> Assignment: Output must consist only of the lines of the material below from the one with "メロースルバー メタリック (1J5)" through the one with "Nordre badeanstalt var", each reproduced exactly; no pictures belong in it.
** Information supplied follows **
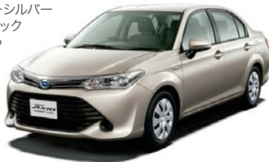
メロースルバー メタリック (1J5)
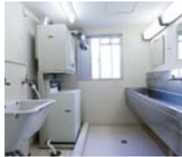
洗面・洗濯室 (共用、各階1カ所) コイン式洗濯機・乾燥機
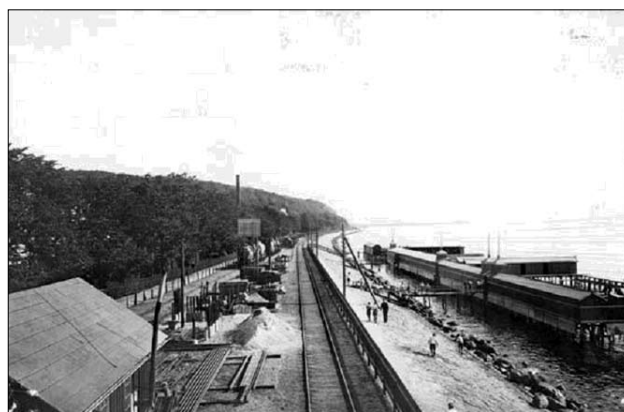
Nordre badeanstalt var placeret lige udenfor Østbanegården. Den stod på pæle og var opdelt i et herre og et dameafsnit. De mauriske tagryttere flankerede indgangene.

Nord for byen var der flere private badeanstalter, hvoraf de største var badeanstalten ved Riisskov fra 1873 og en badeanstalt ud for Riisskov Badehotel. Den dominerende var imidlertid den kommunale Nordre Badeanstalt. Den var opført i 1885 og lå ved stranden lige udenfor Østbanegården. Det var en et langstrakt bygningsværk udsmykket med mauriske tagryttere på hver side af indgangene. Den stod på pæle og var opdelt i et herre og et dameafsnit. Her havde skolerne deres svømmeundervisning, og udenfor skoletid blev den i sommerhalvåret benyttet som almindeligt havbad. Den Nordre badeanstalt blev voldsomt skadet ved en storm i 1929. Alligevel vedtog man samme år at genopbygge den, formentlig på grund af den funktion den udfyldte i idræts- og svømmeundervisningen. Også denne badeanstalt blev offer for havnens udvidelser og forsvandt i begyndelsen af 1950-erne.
** End of Information supplied **
** Information supplied follows **
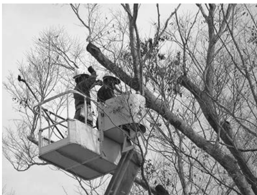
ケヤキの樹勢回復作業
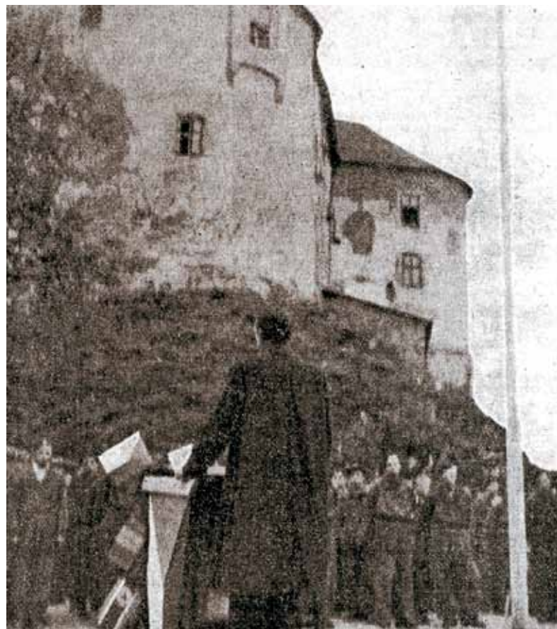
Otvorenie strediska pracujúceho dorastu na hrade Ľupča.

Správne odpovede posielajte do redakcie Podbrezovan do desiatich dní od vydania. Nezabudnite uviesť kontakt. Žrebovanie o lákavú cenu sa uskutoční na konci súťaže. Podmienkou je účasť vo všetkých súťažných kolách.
** End of Information supplied **
> Reply to the task:
メロースルバー メタリック (1J5)
洗面・洗濯室 (共用、各階1カ所) コイン式洗濯機・乾燥機
Nordre badeanstalt var placeret lige udenfor Østbanegården. Den stod på pæle og var opdelt i et herre og et dameafsnit. De mauriske tagryttere flankerede indgangene.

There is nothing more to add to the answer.